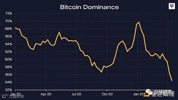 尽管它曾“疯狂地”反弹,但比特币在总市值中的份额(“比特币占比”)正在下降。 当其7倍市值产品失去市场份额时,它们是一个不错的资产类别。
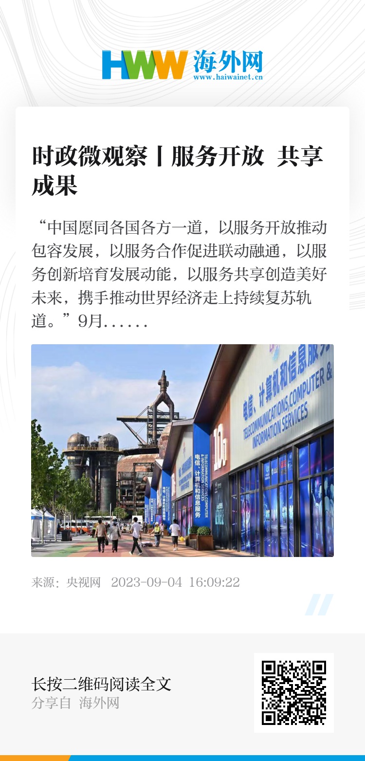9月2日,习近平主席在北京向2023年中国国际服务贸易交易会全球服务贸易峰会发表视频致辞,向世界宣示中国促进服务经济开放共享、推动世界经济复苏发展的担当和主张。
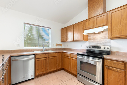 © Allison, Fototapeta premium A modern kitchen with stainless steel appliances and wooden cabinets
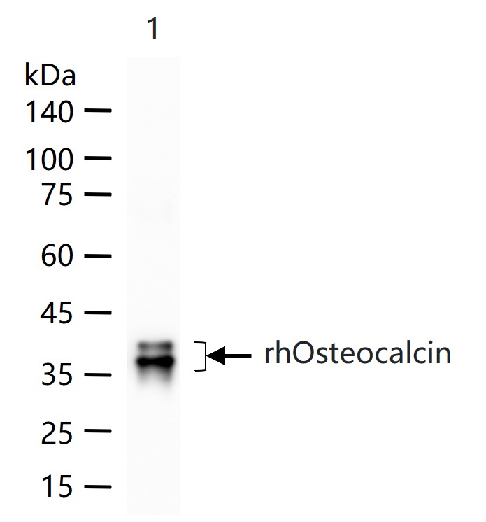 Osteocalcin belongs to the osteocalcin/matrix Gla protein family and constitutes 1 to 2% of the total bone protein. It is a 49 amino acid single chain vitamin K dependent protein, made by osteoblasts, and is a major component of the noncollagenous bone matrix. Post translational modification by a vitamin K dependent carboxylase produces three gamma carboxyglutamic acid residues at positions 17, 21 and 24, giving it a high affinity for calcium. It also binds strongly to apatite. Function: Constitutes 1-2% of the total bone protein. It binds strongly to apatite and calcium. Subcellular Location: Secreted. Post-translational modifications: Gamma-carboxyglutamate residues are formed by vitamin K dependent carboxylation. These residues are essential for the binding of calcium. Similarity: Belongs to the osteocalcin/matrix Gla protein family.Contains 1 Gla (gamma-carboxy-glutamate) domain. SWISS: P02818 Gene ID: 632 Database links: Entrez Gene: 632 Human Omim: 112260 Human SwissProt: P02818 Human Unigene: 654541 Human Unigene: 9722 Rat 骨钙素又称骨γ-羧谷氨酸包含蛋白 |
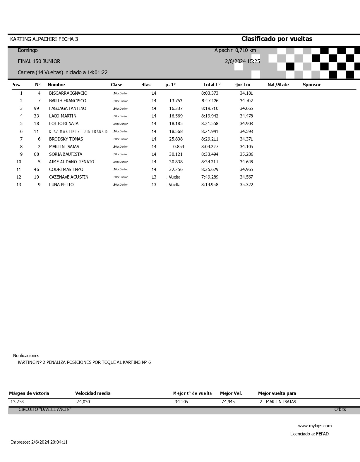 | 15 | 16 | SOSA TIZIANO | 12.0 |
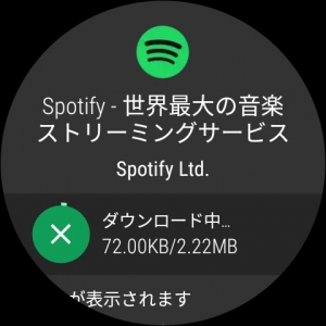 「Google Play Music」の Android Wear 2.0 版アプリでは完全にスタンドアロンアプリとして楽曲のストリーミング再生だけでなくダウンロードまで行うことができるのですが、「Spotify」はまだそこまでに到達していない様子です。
⁂
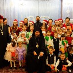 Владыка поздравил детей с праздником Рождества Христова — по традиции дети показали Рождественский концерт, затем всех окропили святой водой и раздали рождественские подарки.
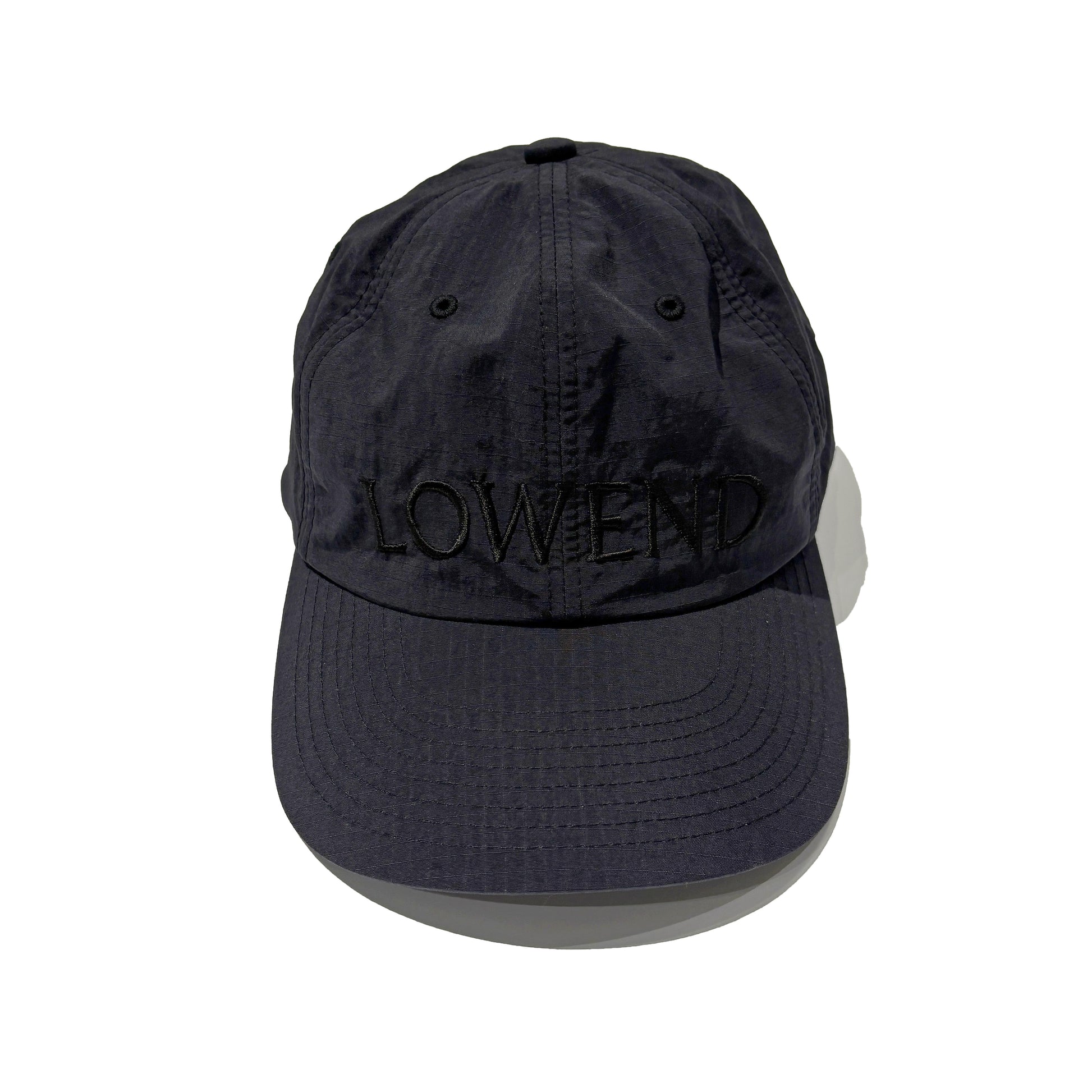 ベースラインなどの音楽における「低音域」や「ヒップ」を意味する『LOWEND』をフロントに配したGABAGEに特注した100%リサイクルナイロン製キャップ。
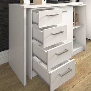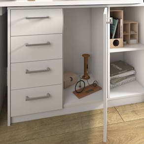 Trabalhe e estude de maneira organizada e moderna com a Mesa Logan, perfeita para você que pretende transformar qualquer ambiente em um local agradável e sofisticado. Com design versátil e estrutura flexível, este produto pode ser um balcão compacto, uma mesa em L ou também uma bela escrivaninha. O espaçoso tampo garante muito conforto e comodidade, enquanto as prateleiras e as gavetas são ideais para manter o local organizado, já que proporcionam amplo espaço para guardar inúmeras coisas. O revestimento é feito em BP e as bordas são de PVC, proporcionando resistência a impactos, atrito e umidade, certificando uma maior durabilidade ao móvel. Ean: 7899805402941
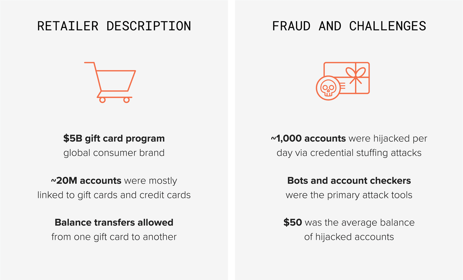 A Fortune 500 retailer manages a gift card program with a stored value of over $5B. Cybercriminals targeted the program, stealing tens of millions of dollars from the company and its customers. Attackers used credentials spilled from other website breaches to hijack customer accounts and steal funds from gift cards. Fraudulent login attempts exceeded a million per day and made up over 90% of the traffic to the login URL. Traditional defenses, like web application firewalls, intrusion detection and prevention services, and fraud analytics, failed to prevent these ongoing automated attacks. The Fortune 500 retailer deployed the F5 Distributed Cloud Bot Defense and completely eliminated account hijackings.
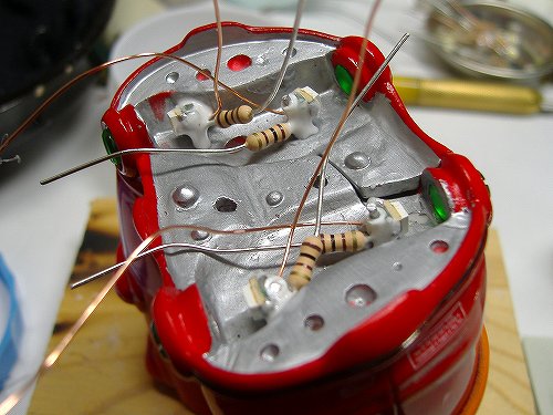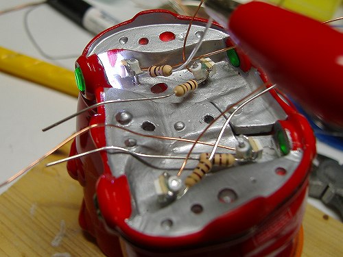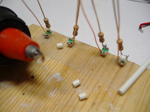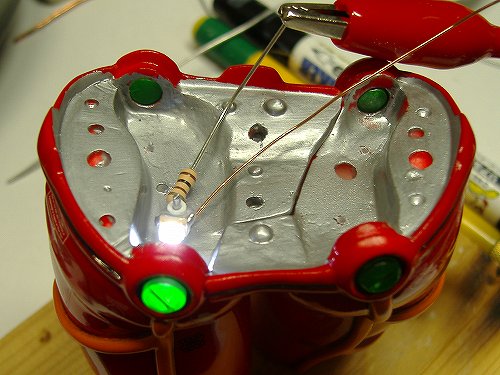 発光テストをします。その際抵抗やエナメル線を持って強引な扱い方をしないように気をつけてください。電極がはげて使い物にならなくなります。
⁂
Task instructions →
In the listing above, find the line containing "Osteocalcin belongs to" and the line containing "Play Music」の Android", then print exactly those two lines and every line between them, minus the pictures.

The answer →
 Osteocalcin belongs to the osteocalcin/matrix Gla protein family and constitutes 1 to 2% of the total bone protein. It is a 49 amino acid single chain vitamin K dependent protein, made by osteoblasts, and is a major component of the noncollagenous bone matrix. Post translational modification by a vitamin K dependent carboxylase produces three gamma carboxyglutamic acid residues at positions 17, 21 and 24, giving it a high affinity for calcium. It also binds strongly to apatite. Function: Constitutes 1-2% of the total bone protein. It binds strongly to apatite and calcium. Subcellular Location: Secreted. Post-translational modifications: Gamma-carboxyglutamate residues are formed by vitamin K dependent carboxylation. These residues are essential for the binding of calcium. Similarity: Belongs to the osteocalcin/matrix Gla protein family.Contains 1 Gla (gamma-carboxy-glutamate) domain. SWISS: P02818 Gene ID: 632 Database links: Entrez Gene: 632 Human Omim: 112260 Human SwissProt: P02818 Human Unigene: 654541 Human Unigene: 9722 Rat 骨钙素又称骨γ-羧谷氨酸包含蛋白 |
 | 15 | 16 | SOSA TIZIANO | 12.0 |
 「Google Play Music」の Android Wear 2.0 版アプリでは完全にスタンドアロンアプリとして楽曲のストリーミング再生だけでなくダウンロードまで行うことができるのですが、「Spotify」はまだそこまでに到達していない様子です。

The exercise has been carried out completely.